Since I've met Paul recently I thought it would add a new dimension to the paul arden experience to have something from those who have experienced paul arden...:)
The Paul Arden "Experienced"
Paul is an interesting young man. He is a qualified professional fly casting instructor, trout fishing guide and itenerant trout bum. He is also a man with a problem, a big problem: it's bigger than him or in fact all of us - his problem is with saltwater. He has progressed from a naive interest in dabbling a fly in salty water, through varying states of disappointment and disillusionment to arrive at a serene and confident complete and utter lack of expectation of ever hooking any sort of piscine creature on anything that can be legally called a fly.
This is a bit unnerving to an average angler who already has a balancing act between negative and positive expectations of any fishing outcome. The proverbial tip of the ice berg with Paul is an apparent whimisical dismissal of the entire saltwater fly fishing realm as the mass literary delusions of frustrated or aberrant freshwater fly fishers that a cynical fishing tackle market has exploited with some of the most costly fly fishing gear ever sold in history. Heaven knows what the other nine tenths of Paul's problem consists of....
But really Paul had no business turning up on my doorstepwithout a definite week's notice so the local fish could be trained by daily burleying to turn up at the right place at the right time. But this I have only appreciated with hindsight.... as it happened I agreed to take him to a sure-fire spot at a local river mouth. But I should have become suspicious as we walked around the beach with Mr Arden spouting forth his "trout this, trout that" talk. No wonder even the lowly local sprats refused to even put in all but the most token of appearances.
Then after flogging away for hours from low to high water , Paul's cool professional veneer started to erode and he began to turn nasty. And personal. With the thinnest pretext of magnaminosly sharing his wealth of professional fly casting knowledge he handed me a rod and then asked me to cast. Of course 'performace anxiety' on my part ensued; who wouldn't when their personal and private casting style was now being coldly anlaysed by a man with a grudge that would have made Captain Ahab's problem with whales look like the merest indifference. There were smoothly delivered comments about not 'rotating the wrist' and 'anticipating the forward cast' and then to add insult to injury he then took my rod itself to task. Probably just sour grapes because I didn't purchase it from his email emporium that bankrolls his annual international fly fishing junket.
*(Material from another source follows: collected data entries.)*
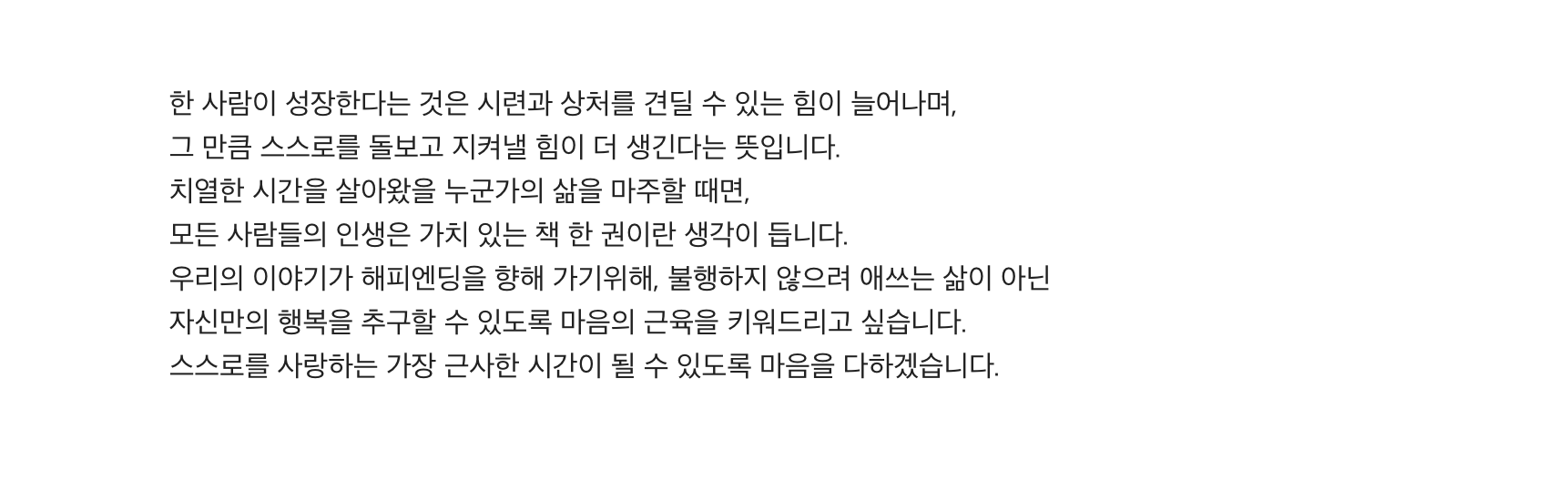 삶은 폭풍우가 지나기 만을 기다리는 것이 아닌 빗속에서 춤추는 법을 배우는 것이라는 말이 있습니다. 폭풍우를 만나지 않으면 좋겠지만 만날 수 밖에 없다면 그 속에서 멈춰 있기 보단 스스로 대처 할 수 있는 방법을 찾을 수 있다면 얼마나 좋을까요? 그러나, 그것을 혼자서 해내기란 쉽지 않습니다. 하지만, 그 시간을 함께 견뎌내고 방법을 고민 해 주는 누군가가 있다면 좌절하지 않고 춤출 수 있는 법을 배워 갈수도 있을 것입니다. 당신의 기적같은 삶이 폭풍우에 휘말리지 않을 수 있게 그 길을 함께 걸어가는 상담사가 되겠습니다. |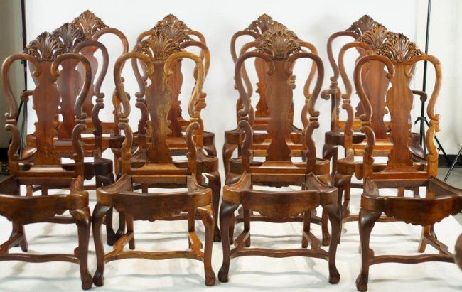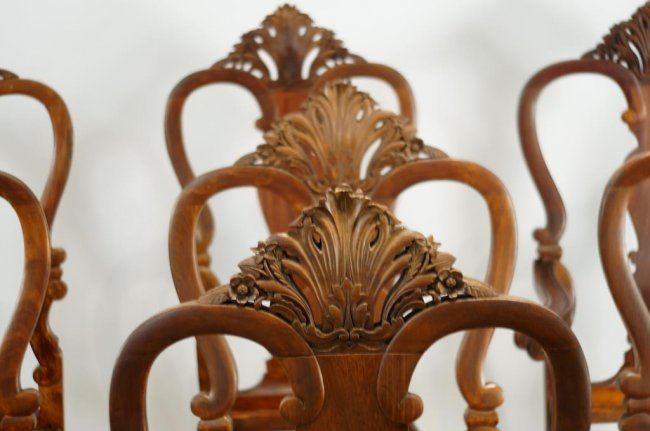 Fancy carved craws with flowers include original seats that may need to be re upholstered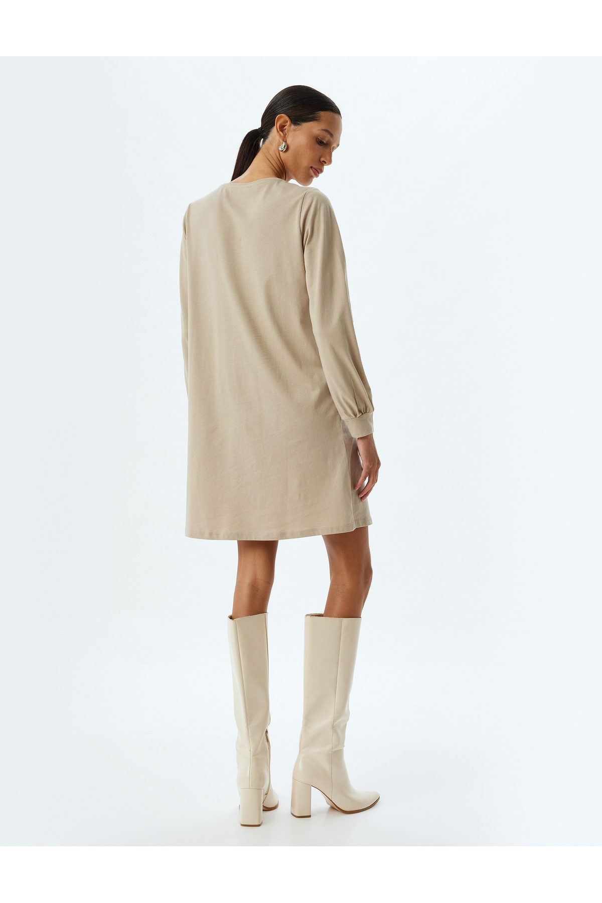 Mini Elbise Manşetli Uzun Kollu Yuvarlak Yaka Pamuklu Mini Elbise Manşetli Uzun Kollu Yuvarlak Yaka Pamuklu 5WAK80119EK XL

Is it any wonder we didn't catch any thing? Even the other bait anglers present (Paul's foot seemed to twitch as if it had a mind of its own to try to kick some sand in their eyes as we walked past these honest humble fisher folk) reported that they had experienced uncharacteristic failure at a place they normally could rely upon. Families would be going hungry that night. Paul feigned sympathetic surprise at this malady and marched back to his mobile fly tying bench that doubles as his camper van. Thus we drove back to my place.
Paul left a few hours later, bound for Rotorua, breathing threats of exposing the global conspiracy that perpetuates the saltwater flyfishing myth and pressed a parting gift of a size 16 booby nymph into my hand to inspire me in the only noble pursit of flyfishing for trout.
Mark writes for fishing magazines in New Zealand, he lives in Auckland, he's been heavily involved in the Sexyloops Glossary and just like everyone else he never catches anything out the salt either. Well, that's what I think.